Analysis of ELSA COVID-19 Substudy response rate using machine learning algorithms
This work addresses survey non-response prediction for national statistical organizations, but it is incremental as it applies standard ML methods to a specific dataset.
The study tackled the problem of predicting non-responses in the ELSA COVID-19 Substudy using machine learning algorithms, finding that random forest performed best in balanced accuracy, KNN in precision and test accuracy, and logistic regression in AUC.

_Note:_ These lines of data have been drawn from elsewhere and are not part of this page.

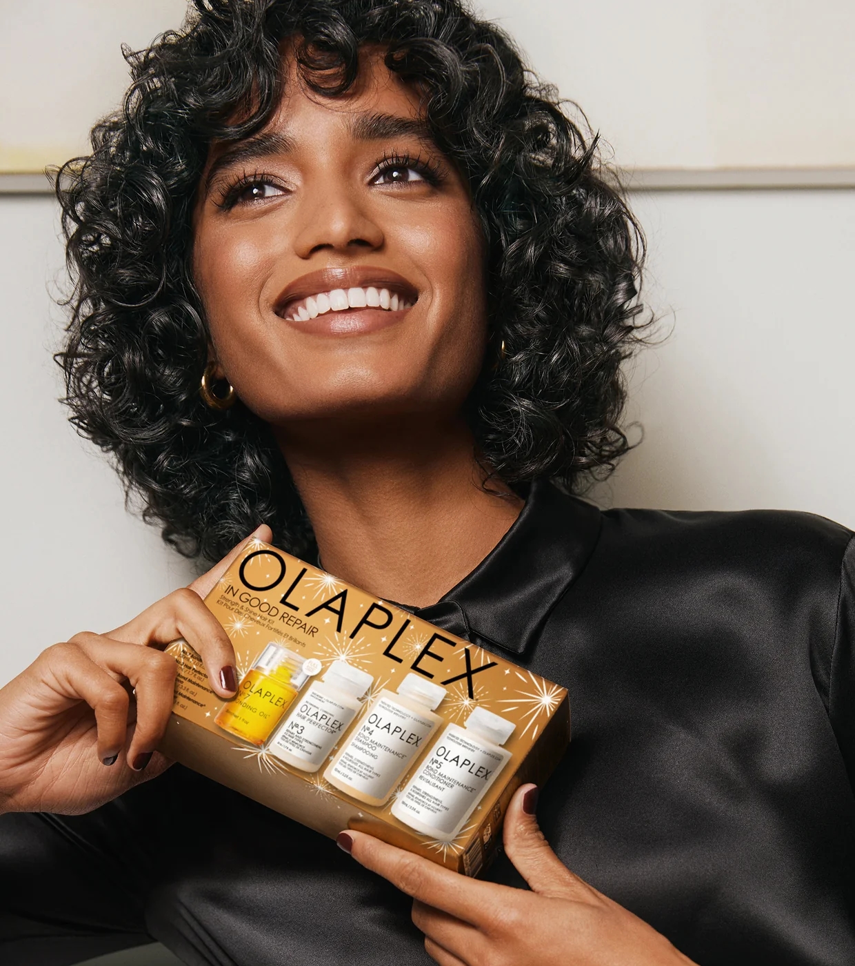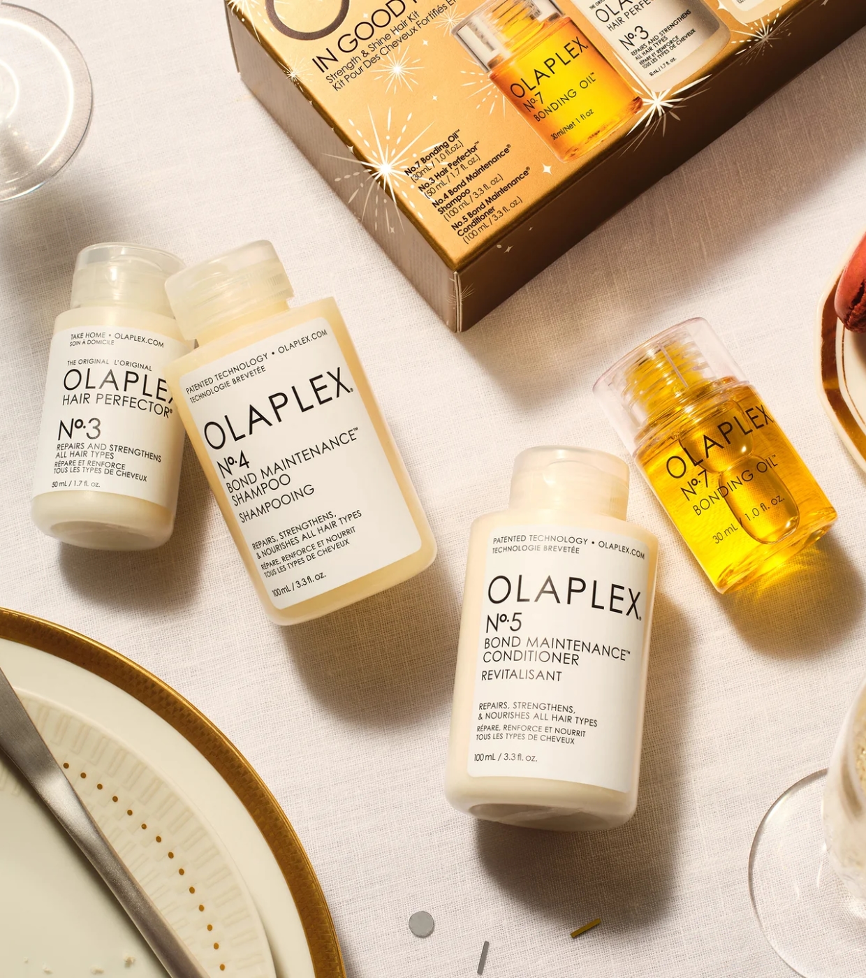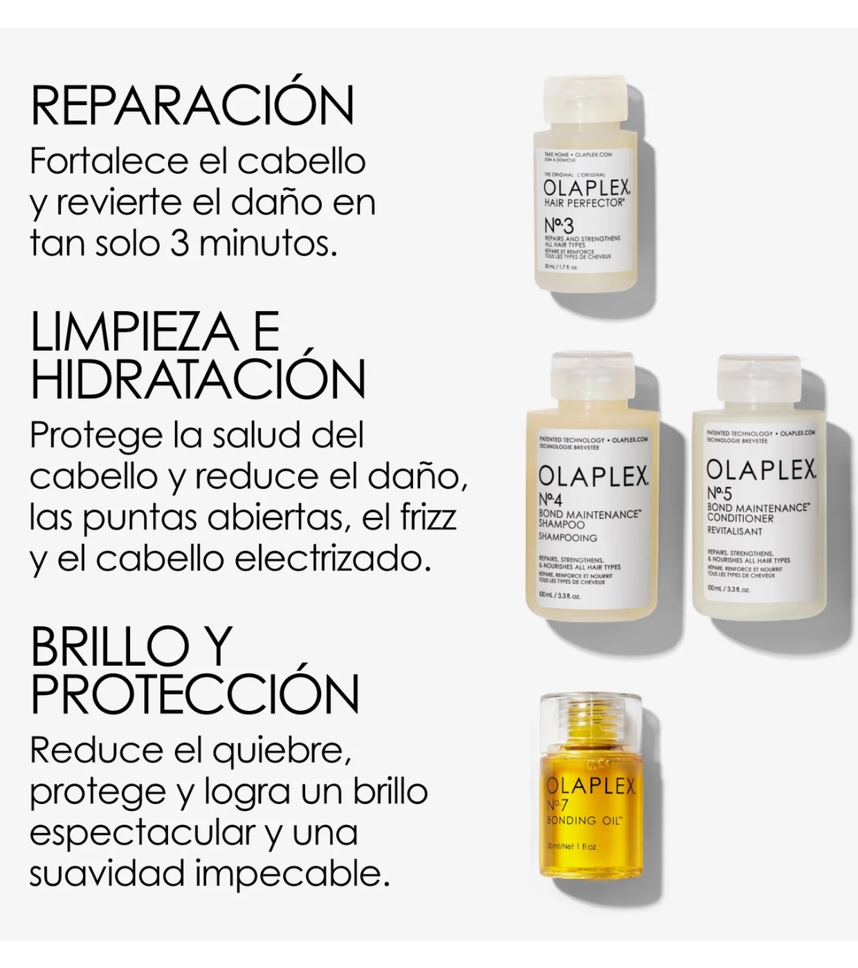 The set contains: Olaplex Hair Perfector Nº 3 + Olaplex Nº 4 Bond Maintenance Shampoo + Olaplex Nº7 Bonding Oil + Olaplex Nº5 Bond Maintenance Aconditionador.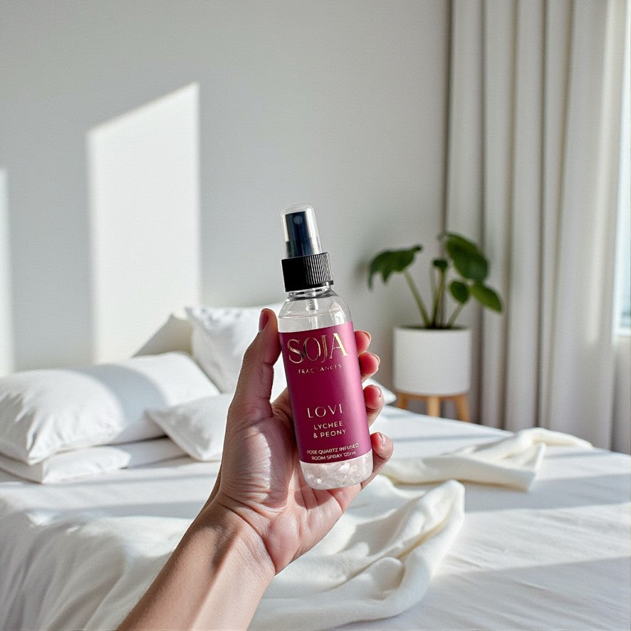Infused with natural rose quartz crystals traditionally linked to love and emotional calm.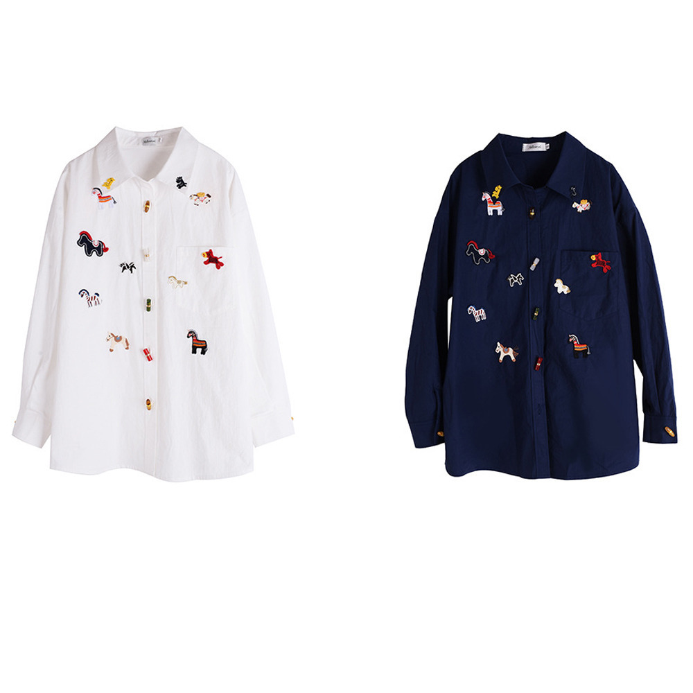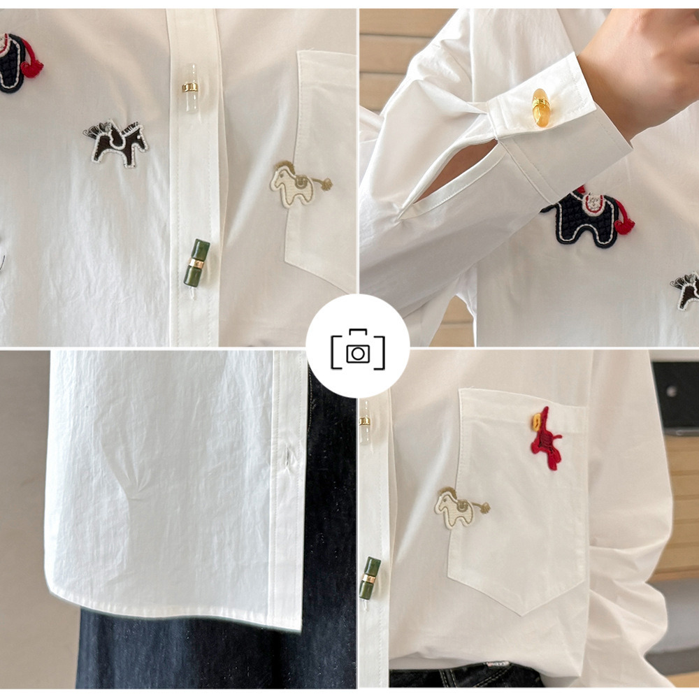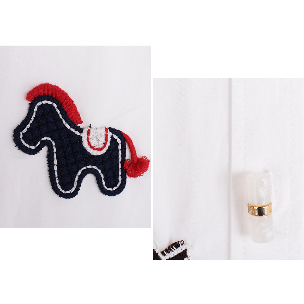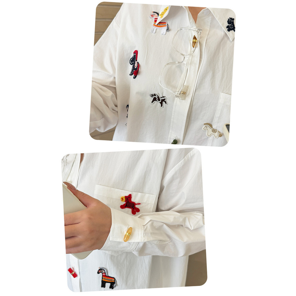 「ラッキホース刺繍入り 長袖シャツブラウス」

National Statistical Organisations every year spend time and money to collect information through surveys. Some of these surveys include follow-up studies, and usually, some participants due to factors such as death, immigration, change of employment, health, etc, do not participate in future surveys. In this study, we focus on the English Longitudinal Study of Ageing (ELSA) COVID-19 Substudy, which was carried out during the COVID-19 pandemic in two waves. In this substudy, some participants from wave 1 did not participate in wave 2. Our purpose is to predict non-responses using Machine Learning (ML) algorithms such as K-nearest neighbours (KNN), random forest (RF), AdaBoost, logistic regression, neural networks (NN), and support vector classifier (SVC). We find that RF outperforms other models in terms of balanced accuracy, KNN in terms of precision and test accuracy, and logistics regressions in terms of the area under the receiver operating characteristic curve (ROC), i.e. AUC.